• **Task prompt**
Could you set down the listing below exactly and omit its images?

• **Stored data**
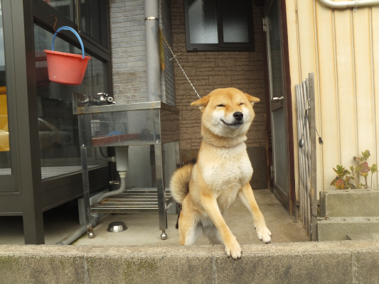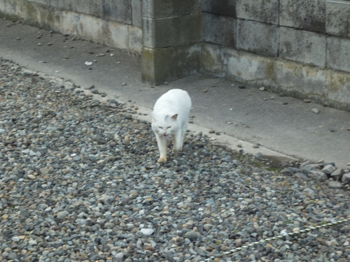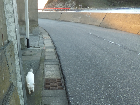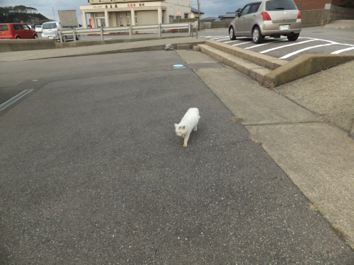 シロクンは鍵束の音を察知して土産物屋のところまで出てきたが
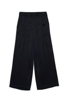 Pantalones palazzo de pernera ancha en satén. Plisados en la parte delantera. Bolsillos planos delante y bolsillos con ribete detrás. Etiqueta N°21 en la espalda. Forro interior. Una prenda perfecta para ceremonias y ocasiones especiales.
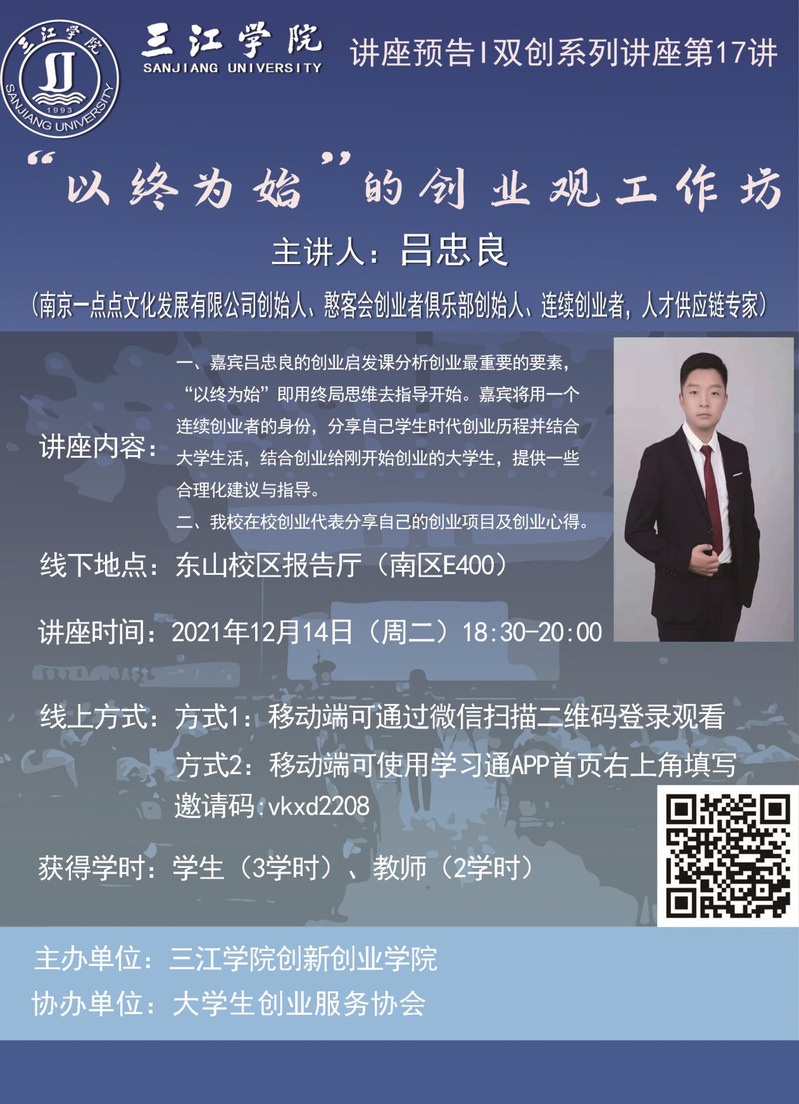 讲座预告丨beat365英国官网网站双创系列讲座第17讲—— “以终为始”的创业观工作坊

• **Reply**
 シロクンは鍵束の音を察知して土産物屋のところまで出てきたが
 Pantalones palazzo de pernera ancha en satén. Plisados en la parte delantera. Bolsillos planos delante y bolsillos con ribete detrás. Etiqueta N°21 en la espalda. Forro interior. Una prenda perfecta para ceremonias y ocasiones especiales.
 讲座预告丨beat365英国官网网站双创系列讲座第17讲—— “以终为始”的创业观工作坊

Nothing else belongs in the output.